A origem invisível do mofo
O mofo, presença indesejada em muitos alimentos, tem sua origem em esporos microscópicos que estão naturalmente presentes no ar, no solo e até mesmo em superfícies de utensílios de cozinha. Quando esses esporos encontram condições favoráveis, como umidade e nutrientes adequados, eles germinam e dão início ao processo de colonização do alimento, formando as colônias visíveis de mofo.
Riscos e Alertas à Saúde
Ingerir alimentos com mofo pode apresentar diversos riscos à saúde. Alguns tipos de mofo produzem micotoxinas, substâncias tóxicas que podem causar desde reações alérgicas e problemas gastrointestinais até intoxicações mais graves, dependendo do tipo de fungo e da quantidade ingerida. Sintomas como náuseas, vômitos, diarreia e dores abdominais são comuns.

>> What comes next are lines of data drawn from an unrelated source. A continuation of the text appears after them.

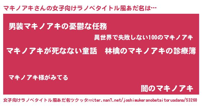 | ヘコむあだ名 | 『マキノアキ(笑)』『マキっちょ』 |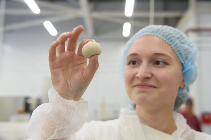 Параллельно в другом цехе замешивают тесто. В его состав входят вода, пшеничная мука высшего сорта, яйца, растительное масло, соль и, конечно, любовь — все натуральное, рассказывает тестосоставитель Юлия. Она работает на предприятии уже 17 лет. Директор по производству отмечает, что хороший тестосоставитель сейчас на вес золота.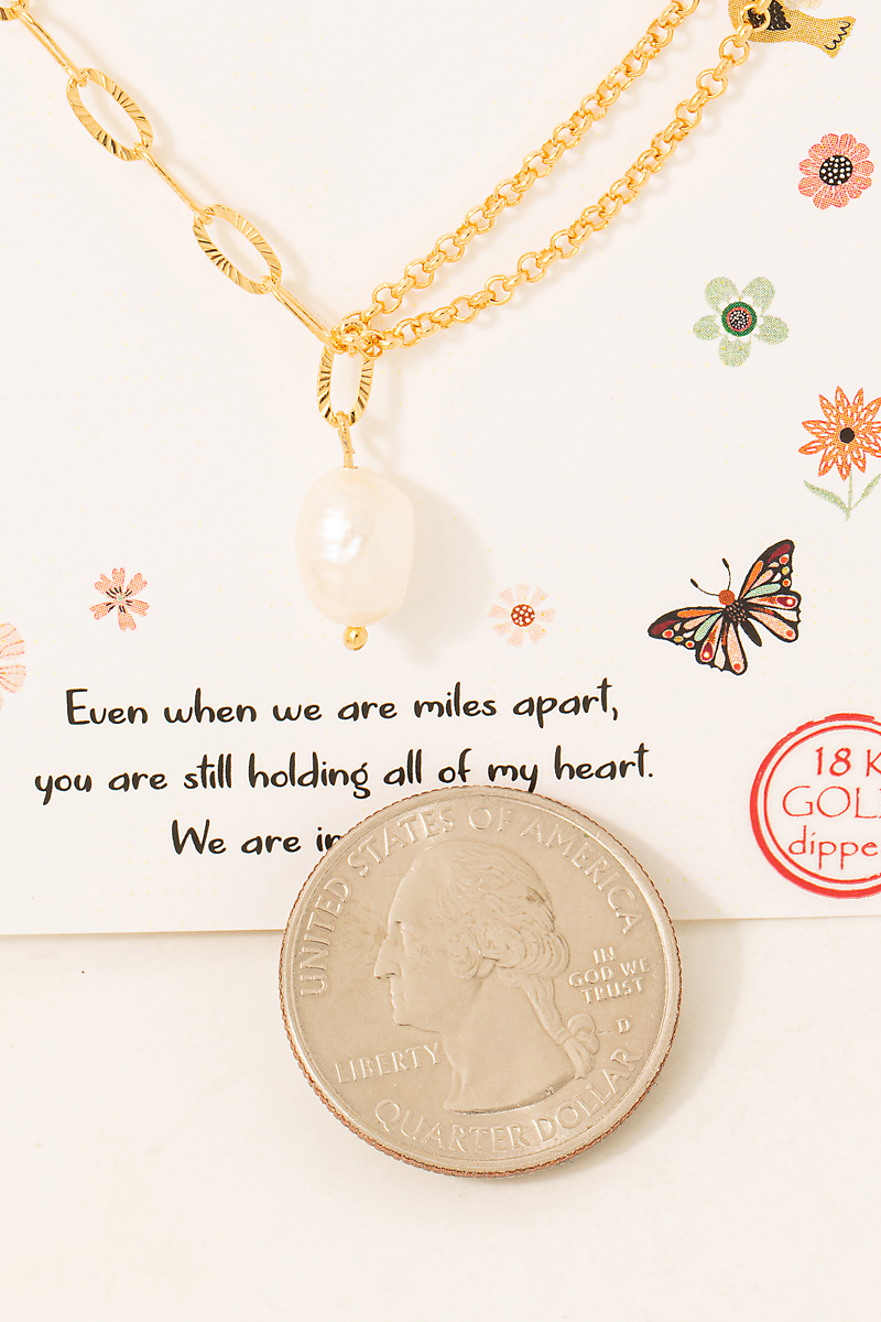 - This chain necklace brings a unique gold dipped pearl charm style. It also includes half and half chain. Step into a world of refined taste as this accessory effortlessly refines the details of your outfit.

Prevenção: A Melhor Estratégia
A prevenção é a chave para evitar a contaminação por mofo. Armazenar os alimentos corretamente, em recipientes fechados e em locais adequados (geladeira ou despensa, conforme a necessidade), ajuda a retardar o crescimento de fungos. É fundamental também manter a higiene na cozinha, limpando regularmente superfícies, utensílios e geladeira. Fique atento ao prazo de validade dos produtos e descarte alimentos que apresentem sinais de mofo, mesmo que em pequenas quantidades, pois as toxinas podem ter se espalhado.

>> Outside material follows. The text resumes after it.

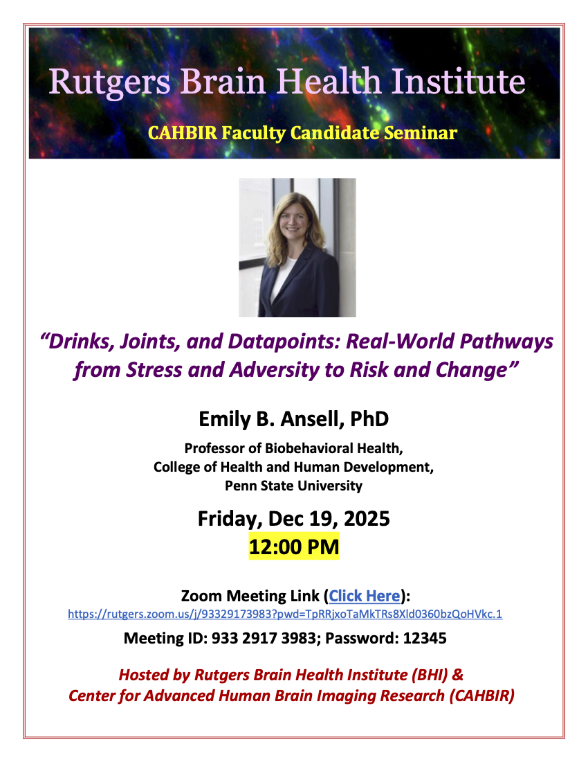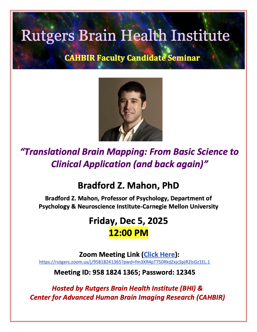 “A Neural Computational Pathway Underlying Face Perception” Speaker: Runnan Cao, PhD Instructor, Department of Radiology, Washington University in St. Louis, St. Louis, MO Date and Time: Monday, Dec 1, 2025, 12:00 PM Join Zoom Meeting: https://rutgers.zoom.us/j/94089898806?pwd=vqgiBhRB0uhBQStbdINUIjegewMYpV.1 Meeting ID: 940 8989 8806 | Password: 12345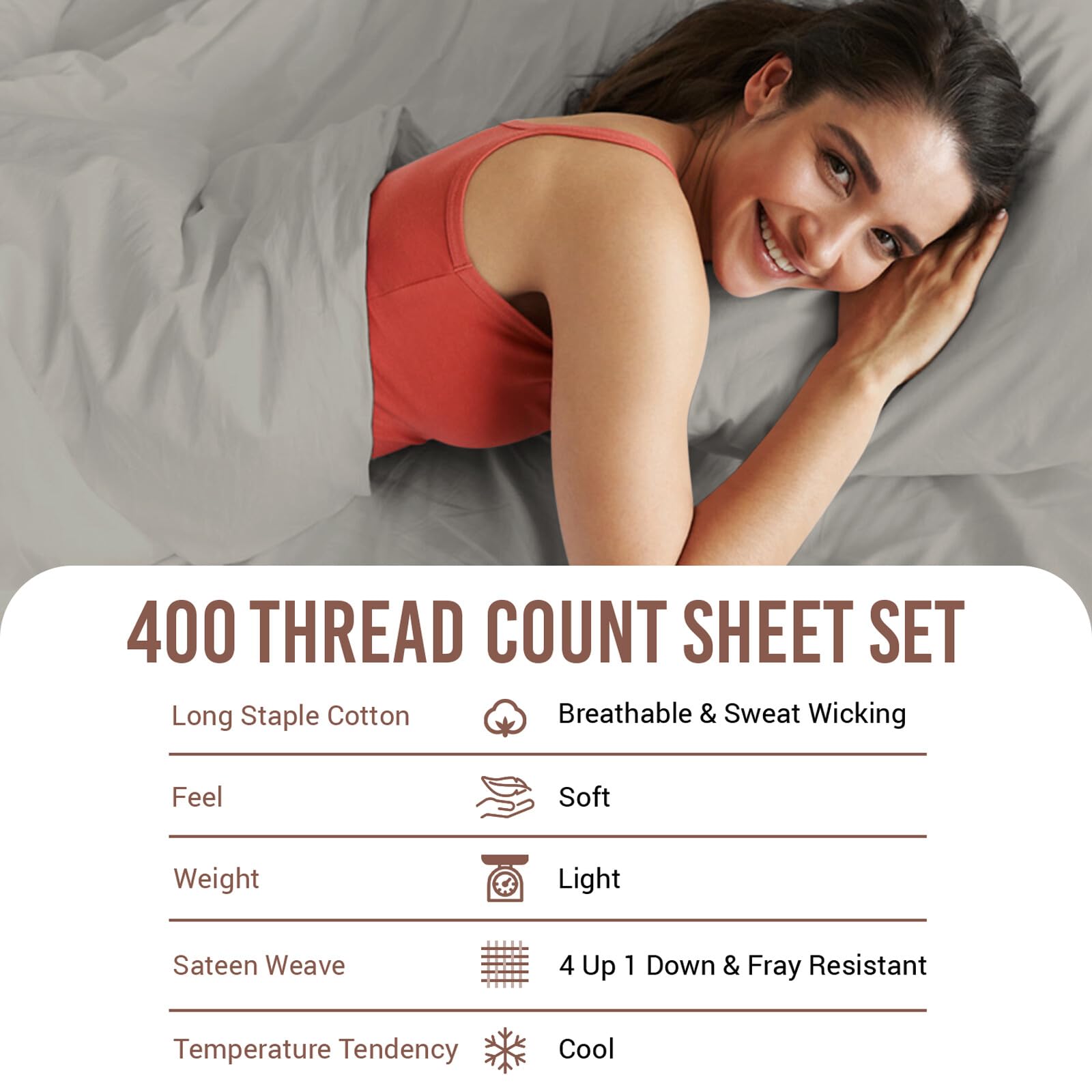 1. Amigable con la piel, fresco y suave: Elaboradas con 100% algodón peinado de hilo largo en tejido de satén de 400 hilos, este juego de sábanas tamaño King con su textura ligera está hecho con hilo especialmente compactado. Un procesamiento mínimo hace que este juego de sábanas sea suave para todo tipo de piel, evita sudores nocturnos, absorbe la humedad y regula la temperatura corporal para dormir fresco manteniendo un elegante aspecto de hotel.

Quando o Descarte é a Única Opção
A tentação de remover o mofo e consumir o restante do alimento pode ser grande, mas na maioria dos casos, o descarte é a atitude mais segura. Em alimentos mais densos, como queijos duros e vegetais firmes, pode ser possível cortar a parte mofada com uma margem de segurança. No entanto, em alimentos porosos, como pães, bolos e frutas macias, os esporos e as toxinas podem ter penetrado profundamente, tornando o consumo perigoso.